Case;07『ユーティカ教団②-a』
投稿が長らく途絶えて申し訳ありませんでした。また随時更新して行きますので良ければお付き合いください
英二「さて、作戦会議を始めようか…」
三枚を束にした資料が配られる
千奈「…はい」
手を挙げる
英二「どうしたの?」
千奈「一応『カルト教団』とは聞いてますが…具体的にはどういう風に害があるんですか?」
英二「それは、カルト教団としての害かい?それともコードマンとしての害かい?」
千奈「まずカルト教団としてをお願いします」
英二「まず、カルト教団とは『悪しき集団』というカルトから来ているんだ。一般的に見て異常とも思えるような教義を元に動く集団。または、その教義を信仰する集団だよ」
ここで英二が一呼吸を置く
英二「さて、問題はその『異常な教義』を受け入れる人がいるのか、だね」
確かに疑問だった。今の話では、普通はそんな話を聞く人なんていないはず…
英二「さて、普通に聞いてもつまらないしクイズ形式にしよう。…そうだね、上原君」
雪斗「…zZ」
英二「…一色ちゃん。よろしく」
資料を丸めた紙束を右手に持つ
スッパーーーン!!
かなりいい音を鳴らしながら上原君の頭に紙束が叩き込まれる
雪斗「痛っつ…なに、どしたん?」
一色「何って…?寝てたよね?」
顔は笑っている。顔は…ね。目は笑ってないよ
英二「う…うん。とりあえず、一色ちゃん。代わりに答えてあげて」
一色「…はい。では、『異常な教義』を受け入れる人がいるかですね。はっきり言うと『います』。追い詰められたり、どうしようもなくなった人は何かに縋りたくなります。ですので、その対象を『異常な教義』の対象にすれば…どんなに異常でも信仰します」
英二「そうだね。それで、問題はその付け入るタイミングが完璧な点にあるんだよね。上手いんだ。とてつもなくね」
雪斗「それで、コロッといってしまうわけね」
千奈「それではコードマンとしての害は?」
英二「そうだね、ここからが本題だよ。敵の情報だ…資料開いて」
資料を広げる。相関図のようなモノが描かれている
英二「まず可能性が高いとされているのは、神の子どもとされている『神子 齋藤天草』続いて、枝分かれしている二人『救世主 セイヴァー齋藤』『聖母 マリア嶋浦』今確定しているのは二人ですが…彼らはそれぞれ勢力を持っている。

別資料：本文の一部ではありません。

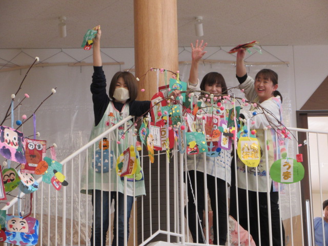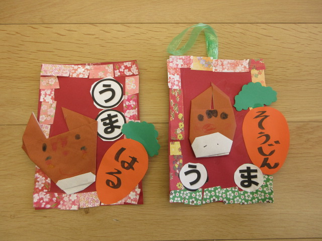 年中ぶどう組 「かるたをモチーフで作りました。馬もがんだっておりました。裏には馬にちなんだ文章を入れました。」

セイヴァー齋藤、マリア嶋浦がそれぞれ2系統の勢力を束ねている。私自身この2系統のリーダーもコードマンではないかと思っている…」
よく見ると、枝分かれした4つに名前が書かれているが、マリア嶋浦の所の一つは名前がない
雪斗「造さん、これ名前無いとこが一つあるぞ」
英二「これは、名前がないんじゃないんだ。名前がわからなかったんだ…」
雪斗「それは…仕方がないな…」
英二「さて、この4系統には各々役割があるんだ。まずセイヴァー齋藤の2系統をA、Bにマリア嶋浦の系統をC、Dに。まずA系統は実力派の『粛清隊』。B系統は身辺保護やいざと言う時の守りの『親衛隊』。C系統は信仰者を増やし、親交を深める『布教隊』。信仰者の教育と教団の敵になりそうな重役の暗殺をする『暗殺隊』の以上四つだ。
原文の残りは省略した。